Au-delà des élections, la présentation du rapport financier est au cœur des attentes.
Patricia Ngo Ngouem –




C’est le Djeuga Palace à Yaoundé qui a été choisi par l’Union des journalistes du Cameroun (Ujc) pour abriter l’assemblée générale (Ag) de demain samedi 12 juin 2008 à partir de 10h. Une assemblée générale élective qui se tiendra en l’absence du président sortant Célestin Lingo, actuellement à l’étranger. Et surtout… deux ans après la fin du mandat du bureau exécutif actuel ; lequel bureau a été élu le 21 mars 2004 pour un mandat de deux ans, tels que le stipulent les textes de l’Ujc. En effet, d’après le secrétaire général adjoint (Sga) de cette organisation corporative Félix Cyriaque Ebolé Bola, "nous [le bureau exécutif] aurions dû déposer notre mandat en mars 2006". Si cela n’a pas été fait jusqu’ici, c’est parce que "le président sortant a toujours évoqué un calendrier chargé, des problèmes financiers ou de santé pour ne pas convoquer ces assisses".

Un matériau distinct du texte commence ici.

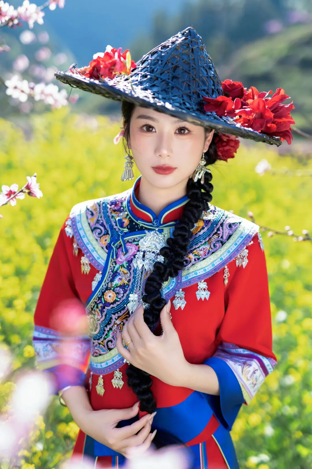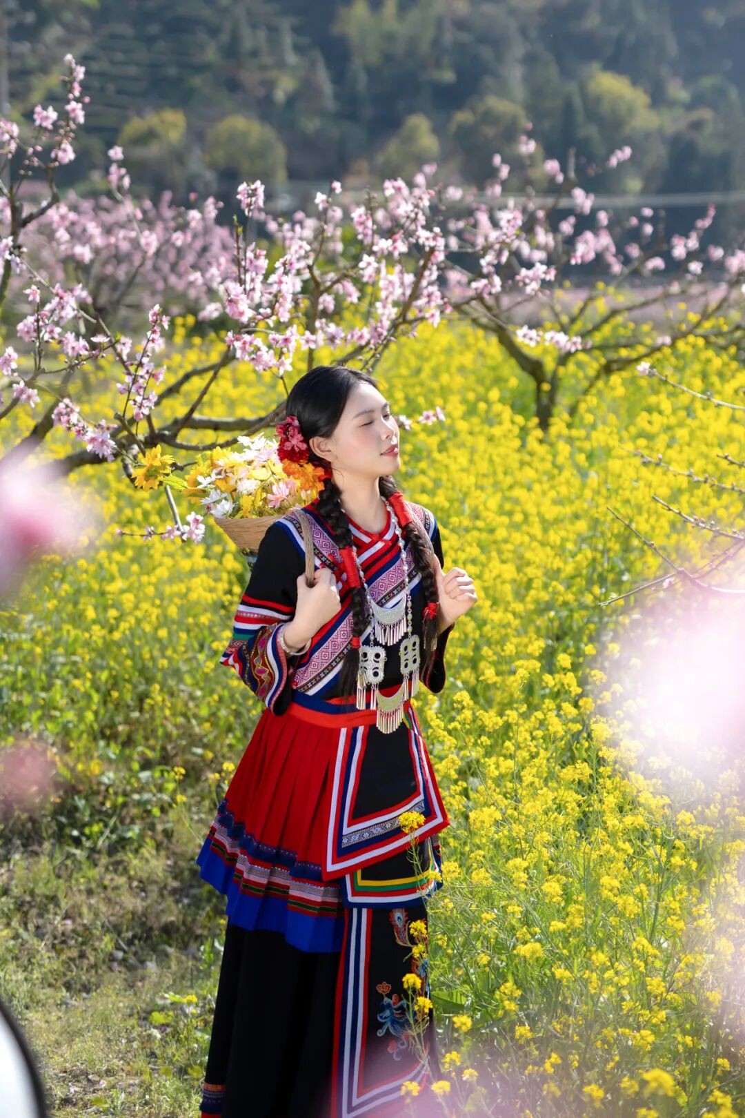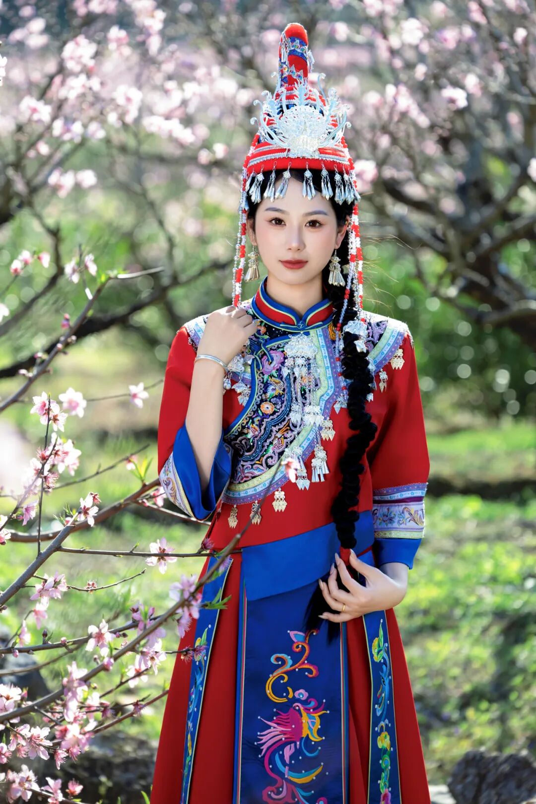 彩虹式花襟的蓝、红、绿三色与桃花碧水相互映衬,银饰碰撞发出清脆声响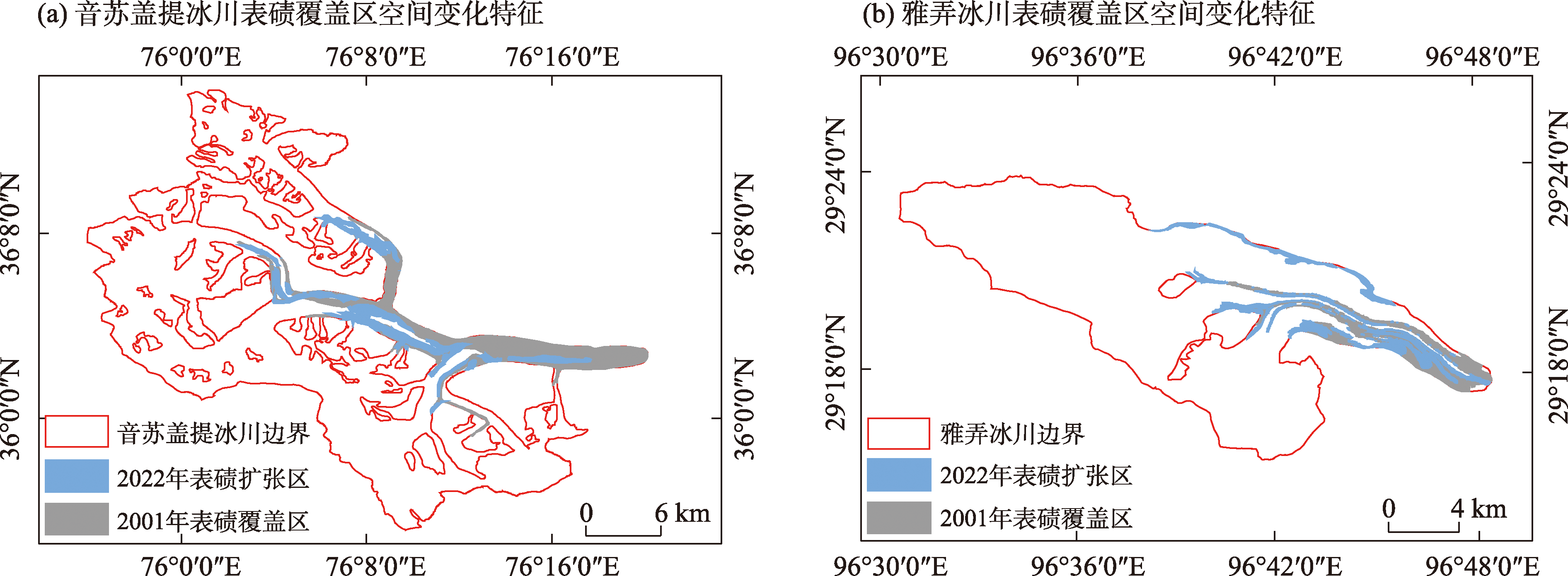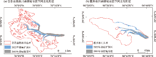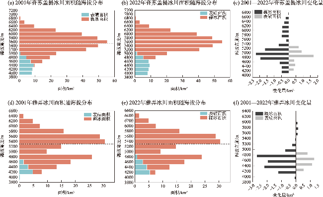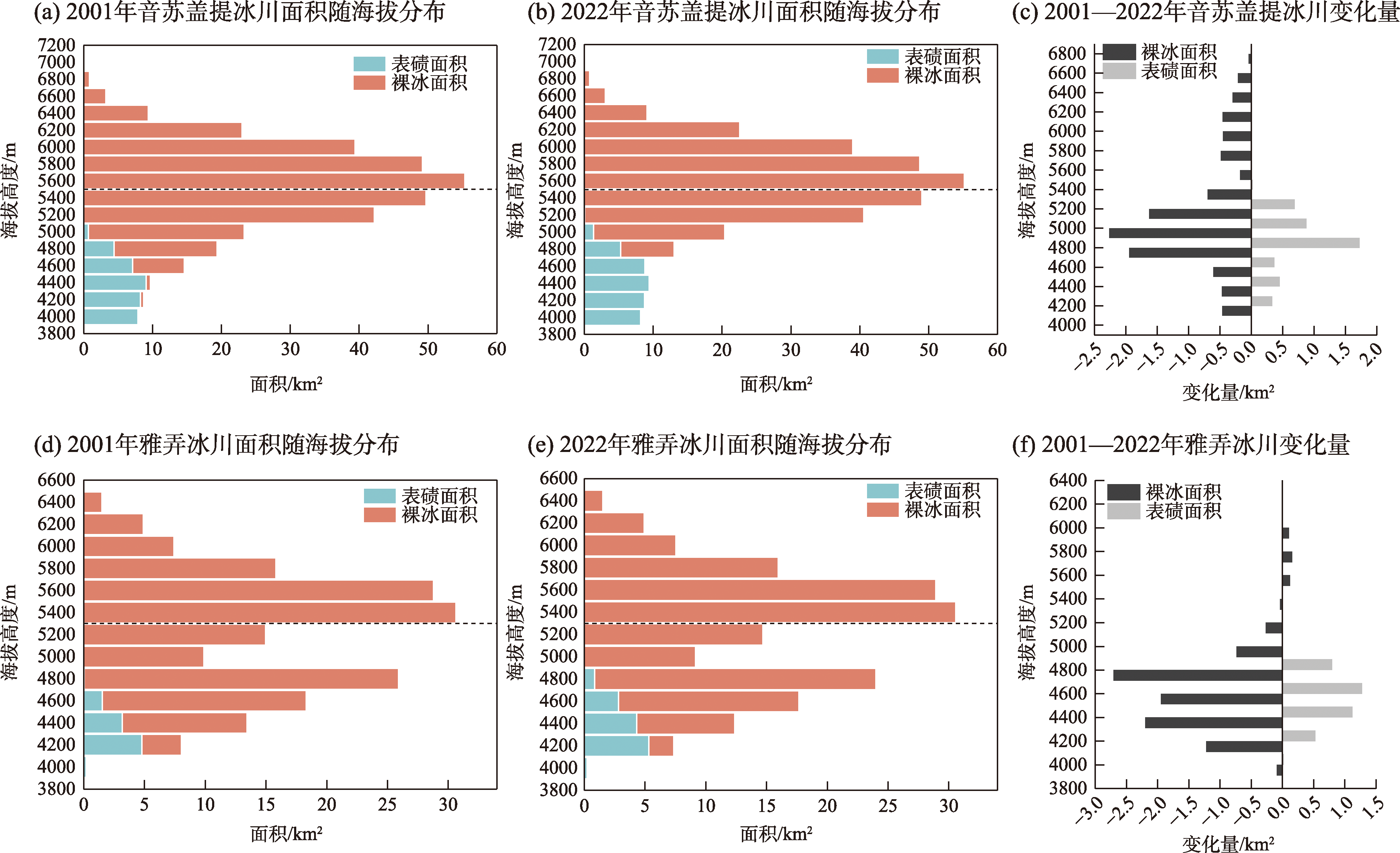 表4 2001—2022年音苏盖提冰川和雅弄冰川面积变化Tab. 4 Changes in the area of Yinsugeti Glacier and Yarong Glacier during 2001-2022 |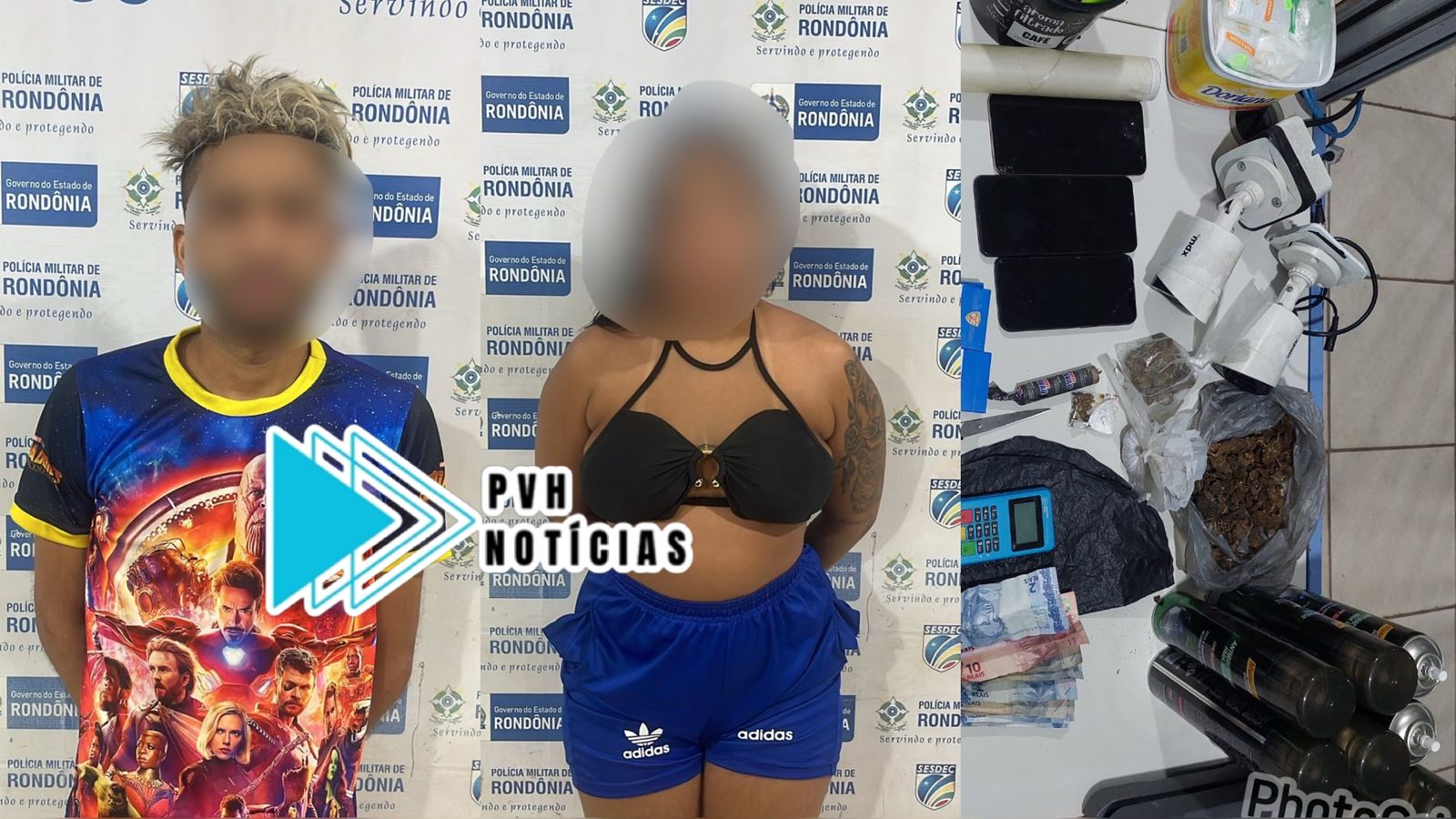 O casal Marcos M. R., vulgo “MK do CV” e R. S. G. S., foi preso por tráfico de drogas na noite desta quarta-feira (28), em uma residência na Rua Liberdade, bairro Três Marias, zona leste de Porto Velho.

C’est pourquoi l’Ag de demain risque d’être houleuse d’après certains. "Elle a été préparée dans un contexte de crise", souligne le Sga. Qui ajoute que le bureau exécutif de l’Ujc a enchaîné les réunions depuis le mois de mars dernier dans le but de convoquer une Ag qui permettrait d’élire un nouveau bureau. Ag qui n’a pas pu se tenir le 14 juin dernier du fait des "problèmes d’organisation". Ayant constaté "l’indisponibilité " de Célestin Lingo, "la majorité du bureau exécutif l’a démis [car] on a estimé qu’il constituait un blocage à l’organisation de l’Ag", affirme le trésorier adjoint, Christophe Bobiokono, s’appuyant ainsi sur les textes internes.

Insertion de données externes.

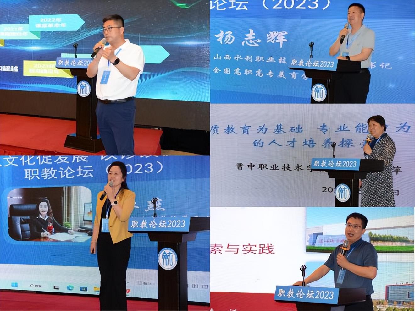院校之声,由平遥现代工程技术学校校长孔庆生、临汾职业技术学院党委书记段江燕、山西水利职业技术学院副书记杨志辉、晋中职业技术学院教科研中心主任魏丽萍、运城职业技术大学副校长畅明分别以“数智赋能,构建学校治理新样态”、“党建引领 两翼支撑 聚力服务 创新管理赋能高质量发展”、“素质教育的感悟与实践”、“素质教育为基础 专业能力为核心的人才培养探索”以及“职业教育‘人文素养’的‘三融合’教学模式的探索与实践”作了主题发言,分享了各院校高水平建设的办学经验、互鉴高效率办学举措。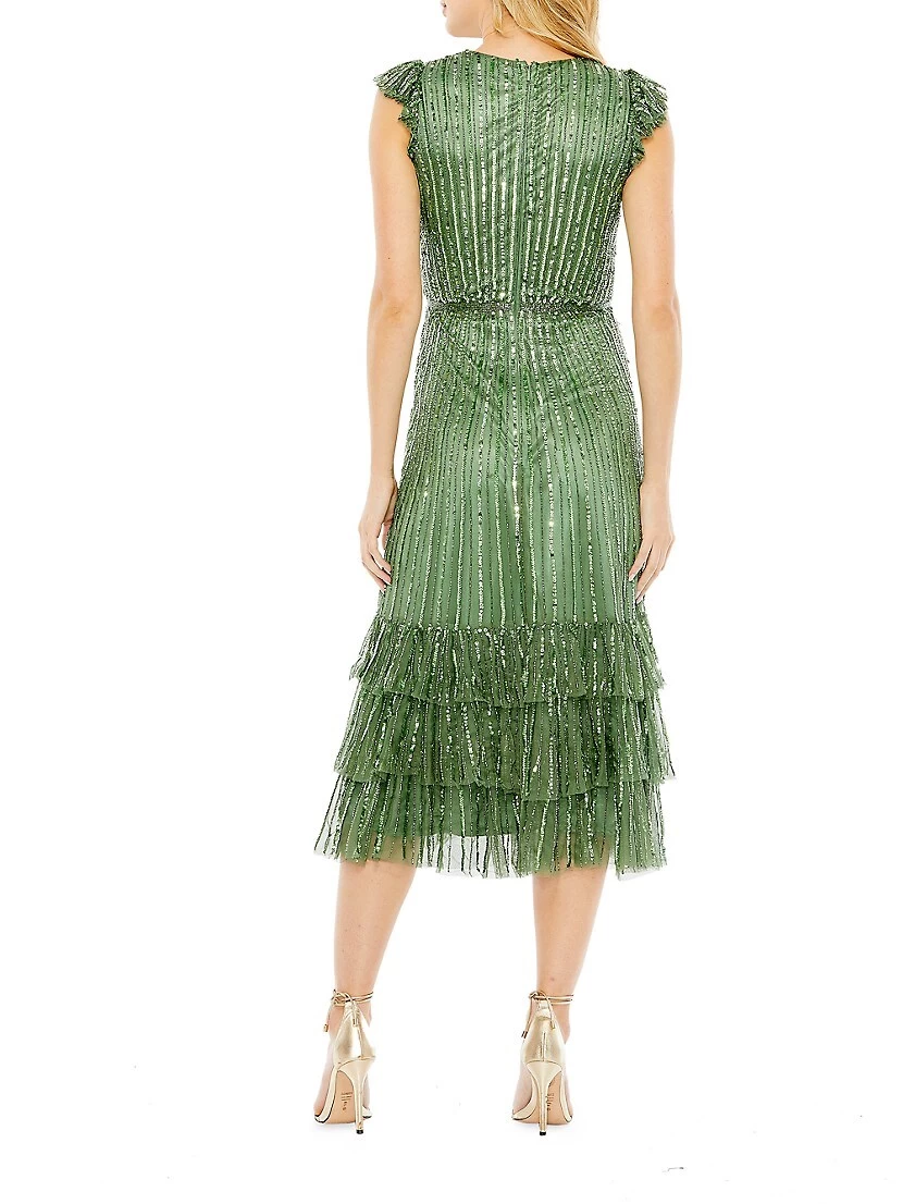 Cut in a chic midi-length, this glimmering cocktail dress by Mac Duggal sparkles with luminous sequins. A V-neckline and tiered hem complete this chic style.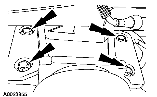 5. Remove the engine and transaxle upper support bracket bolts and bracket.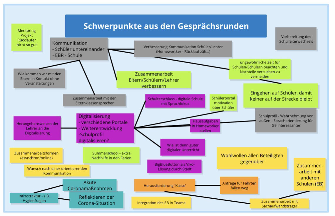 Wir haben vereinbart, dass wir bis zur nächsten Elternbeiratssitzung am 12.01.2021 in den gebildeten Arbeitskreisen die gesammelten Maßnahmen sichten und priorisieren.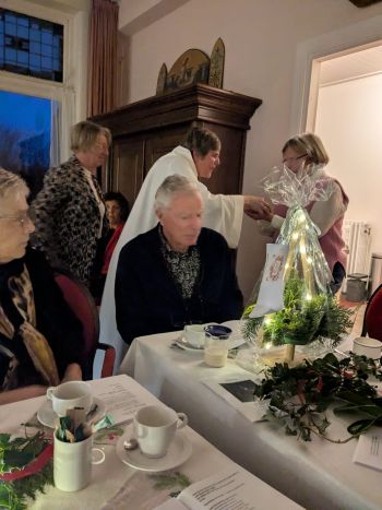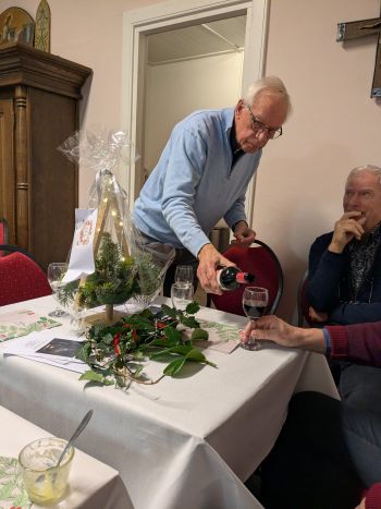 Op het einde van de bijeenkomst was er een dankwoord en een presentje in de vorm van een kerststukje voor de magazine bezorgers en de bestuursleden.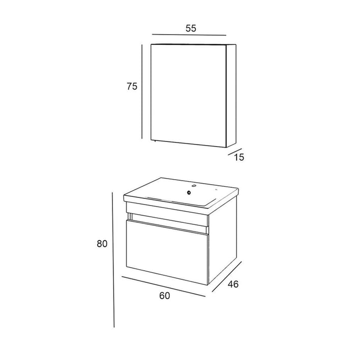 DENKO Повеќе 65 cm MDF Бања Гарнитура, со модерен дизајн и шик црна боја, додава естетска допир на вашата бања. Корпусот е изработен од црно MDF Лам, а вратите се изработени од материјал MDF покривен со црна мат силикон. Со коцкирани врати обезбедува тивок и удобен доживување при употреба. Со серамички умивалник и огледален горен модул, сетот е комплетиран и нуди функционално решение за бања.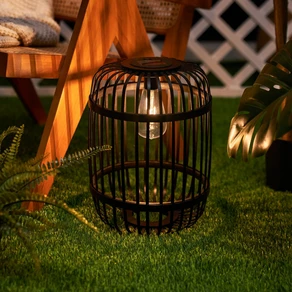 LED-Solar-Dekoleuchte Korb, 34 cm, schwarz/natur

Demain donc, l’Ag sera de sortie grâce au soutien d’entreprises et de représentations diplomatiques comme l’explique Henriette Ekwè, membre du bureau sortant avec statut de premier vice-président : " Je ne peux vous donner les chiffres à l’heure qu’il est. Seuls les confrères le sauront en assemblée ". Mais à vingt-quatre heures de ce rendez-vous attendu par les journalistes, aucun candidat, jusqu’à hier jeudi, ne s’était encore présenté officiellement. Même si les noms d’Henriette Ekwè et de Valentin Zinga reviennent dans les conversations comme pouvant postuler à la tête de cette corporation. "Cette idée m’a été suggéré il y a plus de trois semaines par quelques confrères, mais je n’en ai pas fait un point spécial dans mon agenda. Mon souhait c’est d’être utile à cette association. Je ne peux pas savoir à quelle fin ni dans quel sens. S’il y a des gens qui pensent que j’ai le profil…", atteste le rédacteur en chef de La Nouvelle Expression Valentin Zinga.

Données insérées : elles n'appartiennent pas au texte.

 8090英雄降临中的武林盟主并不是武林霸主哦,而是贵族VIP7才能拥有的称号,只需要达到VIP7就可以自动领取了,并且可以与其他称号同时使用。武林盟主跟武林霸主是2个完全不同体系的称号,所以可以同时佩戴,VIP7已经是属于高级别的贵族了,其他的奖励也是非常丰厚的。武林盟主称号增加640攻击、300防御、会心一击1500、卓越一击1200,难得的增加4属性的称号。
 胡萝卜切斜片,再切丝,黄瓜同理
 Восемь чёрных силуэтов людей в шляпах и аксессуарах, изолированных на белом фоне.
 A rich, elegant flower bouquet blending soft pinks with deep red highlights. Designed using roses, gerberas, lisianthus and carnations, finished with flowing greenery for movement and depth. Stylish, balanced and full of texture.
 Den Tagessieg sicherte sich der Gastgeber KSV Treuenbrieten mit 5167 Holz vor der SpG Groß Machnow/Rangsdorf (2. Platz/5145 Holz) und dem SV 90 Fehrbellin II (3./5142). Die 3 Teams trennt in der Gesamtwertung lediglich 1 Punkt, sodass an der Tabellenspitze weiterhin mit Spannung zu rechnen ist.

Point besoin cependant d’épiloguer sur les candidatures, car celles-ci se feront "séance tenante", assure-t-on à l’Ujc. Surtout que tout candidat à la présidence devra justifier de " 20 ans de métier". Pour un scrutin de liste. Si le rendez-vous de demain aura pour but d’élire le nouveau bureau, beaucoup attendent le bilan, financier notamment, du bureau sortant qui devrait en principe être présenté par Célestin Lingo à qui on impute la responsabilité des dysfonctionnements observés ces derniers mois au sein de l’Ujc, à cause notamment de sa "gestion autocratique". Du fait de son absence, certains membres de l’Ujc pensent que "le rapport moral" ne pourra être lu alors que d’autres pensent le contraire. Tous sont pourtant unanimes sur un point : l’Ujc a besoin d’une nouvelle dynamique. Laquelle pourra peut-être venir demain.